Феномен фантастики - Снегов Сеpгей Александpович 5 стр.


Уже применение во второй мировой войне массы технических новинок, приведших к гибели 50 миллионов людей на фронте и в тылу, вызвало у мыслящих людей негодование и опасение. А появление зловещего ядерного оружия, уничтожение двумя небольшими бомбами – всего около пяти тонн веса каждая – двух полумиллионных городов вызвало в мире психологический шок: восхищение перед мощью разума, создавшего такие невероятные массы убийственной энергии в крохотном объеме, и ужас от того, что эта энергия способна и дальше совершенствоваться и применяться на гибель всему человечеству либо – в лучшем случае – отдельных стран, ставших объектом нападения. А последовавшие затем аварии на атомных реакторах, катастрофа в Чернобыле, ставшие известными данные о влиянии радиоактивного заражения на жизнь и гены быстро вызвали массовую истерику у народа, форменную ненависть ко всему, что вызывает к действию скрытую ядерную энергию либо как-то связано с ней. Величайшее из технических достижений – освобождение внутриядерной энергии – внезапно стало объектом ненависти, а не восхищения. НТР недолгое время виделась сладостным ликом божества, доброжелательно открывающего сияющие пути в райское техническое блаженство. Ныне огромная часть человечества замечает лишь свирепые клыки, которые распахнули на него высшие успехи техники. Наступила парадоксальная пора. Энергетическое будущее общества заключается в использовании ослепительных возможностей широкого использования потенциальной энергии атомного ядра. А мечущееся в истерике общество стремится судорожно подавить ногами то самое, что несет ему грядущее богатство и комфорт.

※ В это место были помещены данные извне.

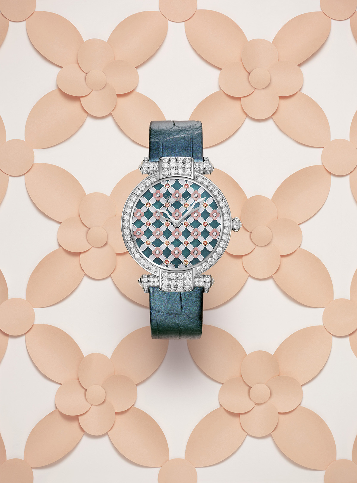 اكتسى ميناء الساعة بطلاء مينا بدرجة قوية من اللون الأزرق المخضر، تحفّه شرائح بارزة من الذهب الأبيض لتشكّل زخارف أرابيسك دقيقة مملوءة بطلاء مينا بلون أبيض. وتكمّل هذه اللوحة الفنية المبهجة ترصيعات من أحجار سافـير بادبارادشا وزهور من عرق اللؤلؤ الوردي، بينما تكتمل هذه اللمسة الحرفـية البارعة بالعقارب التي تتخذ شكل الخناجر وبسوار Imperiale المميّز المصنوع من جلد التمساح.

И быстро отвечая новым потребностям эпохи, научная фантастика метнулась от неумеренного восхваления достижений науки и техники к столь же неумеренному осуждению их успехов. Валом повалили рассказы, повести, романы и пьесы «предупреждения». Всячески расписывались те недостатки, те провалы, те, наконец, ужасы, которые несет с собой дальнейший технический прогресс. Модой стало не восхвалять прогресс, как было еще недавно, а все свирепей, все изощренней хулить его. На апологетов будущего смотрели как на недоумков, даже желторотые писательские юнцы, только пробующие себя на бумаге и ничего важного не создавшие и даже вообще не умеющие создавать. Все их художественные усилия направлялись на то, чтобы выискать в нашей жизни – особенно грядущей, это было всего легче, ибо черт ее знает, какой она будет, эта грядущая жизнь – что-нибудь, достойное хотя бы простой ругани, а всего лучше – верх успеха – внушающее омерзение и ужас. Вот смотрите, честно предупреждаем, что нас ждет – такой был боевой клич этих творцов литературы, в большинстве так и не сотворивших ничего литературно важного. В этой среде особенно в хлынувшем потоке «книг предупреждения» твилось два имманентных недостатка, которые неизбежно должны были проявиться. И проявление их привело к нынешнему, все усиливающемуся оскуднению этого литературного направления.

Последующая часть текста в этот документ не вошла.